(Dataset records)
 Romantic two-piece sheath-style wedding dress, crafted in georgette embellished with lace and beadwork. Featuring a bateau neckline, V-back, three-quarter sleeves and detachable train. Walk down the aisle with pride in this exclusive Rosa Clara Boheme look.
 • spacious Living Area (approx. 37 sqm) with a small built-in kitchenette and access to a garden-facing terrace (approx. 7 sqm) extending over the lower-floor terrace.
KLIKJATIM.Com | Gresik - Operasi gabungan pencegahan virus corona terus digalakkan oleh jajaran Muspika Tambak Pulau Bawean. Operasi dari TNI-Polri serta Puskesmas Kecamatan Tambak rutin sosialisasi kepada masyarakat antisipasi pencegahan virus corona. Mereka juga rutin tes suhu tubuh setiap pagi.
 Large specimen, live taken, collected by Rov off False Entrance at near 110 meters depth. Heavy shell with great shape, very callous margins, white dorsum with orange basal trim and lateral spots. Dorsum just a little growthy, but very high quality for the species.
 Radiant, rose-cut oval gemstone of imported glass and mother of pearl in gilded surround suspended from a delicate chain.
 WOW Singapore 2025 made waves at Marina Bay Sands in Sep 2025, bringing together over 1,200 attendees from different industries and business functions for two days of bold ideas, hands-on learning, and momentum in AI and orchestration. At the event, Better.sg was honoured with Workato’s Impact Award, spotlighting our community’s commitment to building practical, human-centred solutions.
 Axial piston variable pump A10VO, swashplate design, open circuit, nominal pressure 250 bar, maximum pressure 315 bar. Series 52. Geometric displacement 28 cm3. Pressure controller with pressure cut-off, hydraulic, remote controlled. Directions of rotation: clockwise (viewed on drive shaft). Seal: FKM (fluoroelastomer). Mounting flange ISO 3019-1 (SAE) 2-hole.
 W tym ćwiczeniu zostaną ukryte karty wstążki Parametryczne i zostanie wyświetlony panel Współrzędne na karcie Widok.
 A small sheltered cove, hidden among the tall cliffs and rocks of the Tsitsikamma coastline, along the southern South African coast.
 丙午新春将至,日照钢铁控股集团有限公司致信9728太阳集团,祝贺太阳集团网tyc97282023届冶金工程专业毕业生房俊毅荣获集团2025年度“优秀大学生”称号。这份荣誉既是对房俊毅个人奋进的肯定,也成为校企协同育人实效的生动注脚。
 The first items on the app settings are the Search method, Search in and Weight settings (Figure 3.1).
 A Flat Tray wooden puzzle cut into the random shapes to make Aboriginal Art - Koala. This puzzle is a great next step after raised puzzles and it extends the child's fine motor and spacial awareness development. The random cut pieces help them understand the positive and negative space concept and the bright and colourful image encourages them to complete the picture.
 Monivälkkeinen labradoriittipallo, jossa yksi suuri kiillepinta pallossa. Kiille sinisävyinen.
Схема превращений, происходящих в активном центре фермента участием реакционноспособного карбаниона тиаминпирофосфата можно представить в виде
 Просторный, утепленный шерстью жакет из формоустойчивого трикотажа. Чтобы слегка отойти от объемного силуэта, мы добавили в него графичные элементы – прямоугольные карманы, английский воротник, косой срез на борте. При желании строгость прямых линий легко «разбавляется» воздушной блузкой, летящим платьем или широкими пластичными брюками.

| Work to complete |
For the word "over", show every line of the entries that holds it.

| Answer area |
 • spacious Living Area (approx. 37 sqm) with a small built-in kitchenette and access to a garden-facing terrace (approx. 7 sqm) extending over the lower-floor terrace.
 WOW Singapore 2025 made waves at Marina Bay Sands in Sep 2025, bringing together over 1,200 attendees from different industries and business functions for two days of bold ideas, hands-on learning, and momentum in AI and orchestration. At the event, Better.sg was honoured with Workato’s Impact Award, spotlighting our community’s commitment to building practical, human-centred solutions.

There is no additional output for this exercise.